If this blog has shown anything, it is that primulas are best. But who are second-best? It’s poppies.
These double, or peony-flowered, Papaver somniferum are grown from commercial seed, whereas most of our poppies have been self-sowing in the garden for years or came from friends’ or neighbours’ gardens.
In flower math, a double is a flower with twice as many petals as a single, or more than twice as many. There is no triple or quadruple. These poppies with twenty times the petals are still doubles.
A flower that is more than single but less than fully double is called a semi-double. Semi means half. Half a double should be a single, right? Not in flower math.
A pink fringed single.
The near white and the light purple poppies, the first to bloom and the most common, are almost finished now. The last ones will be pulled in hope of limiting cross-pollination with the doubles and the better-coloured flowers.
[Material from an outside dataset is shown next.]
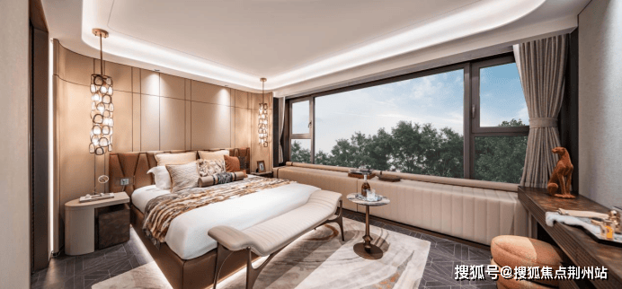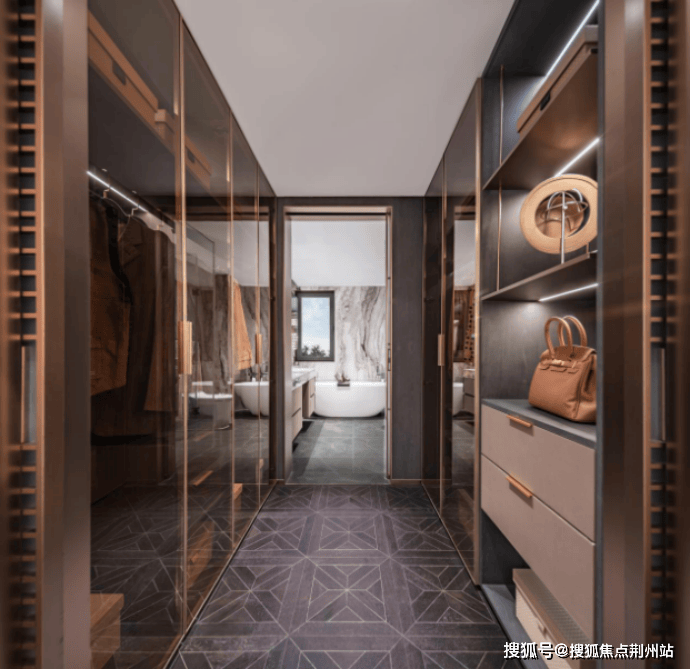 宾利主题下叠:深度汲取豪车设计精髓,主卧套房采用宾利双色内饰理念,独立衣帽间和卫浴空间的设计彰显出对生活细节的极致追求。
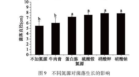 相同的培養(yǎng)時間,菌落直徑與不同氮源的關系如圖9所示。

I don’t always notice the bees until looking at the pictures later. Morning when the light is best on the newly open poppies is also when the bees are most frequent among them.
Except for the doubles, which were planted in a row, the poppies grow where they want to grow, wherever the seeds fell. These hot pink ones are under the apple tree in a bed re-dug last fall to hold candelabra primula seedlings and galanthus bulbs that did not come through the winter.
Papaver glaucum, the tulip poppy. The foliage is grey-green and cabbage-like, like P somniferum‘s, and the flower, red with black spots, resembles a ladybird poppy.
This is a ladybird poppy (Papaver commutatum) right before I nipped off the first bud to force the plant to produce sideshoots, which will result in a much bigger plant with more flowers. People who talk about “tall poppy syndrome” like it’s a bad thing have never grown poppies.
Last one: a rich red semi-fringed single.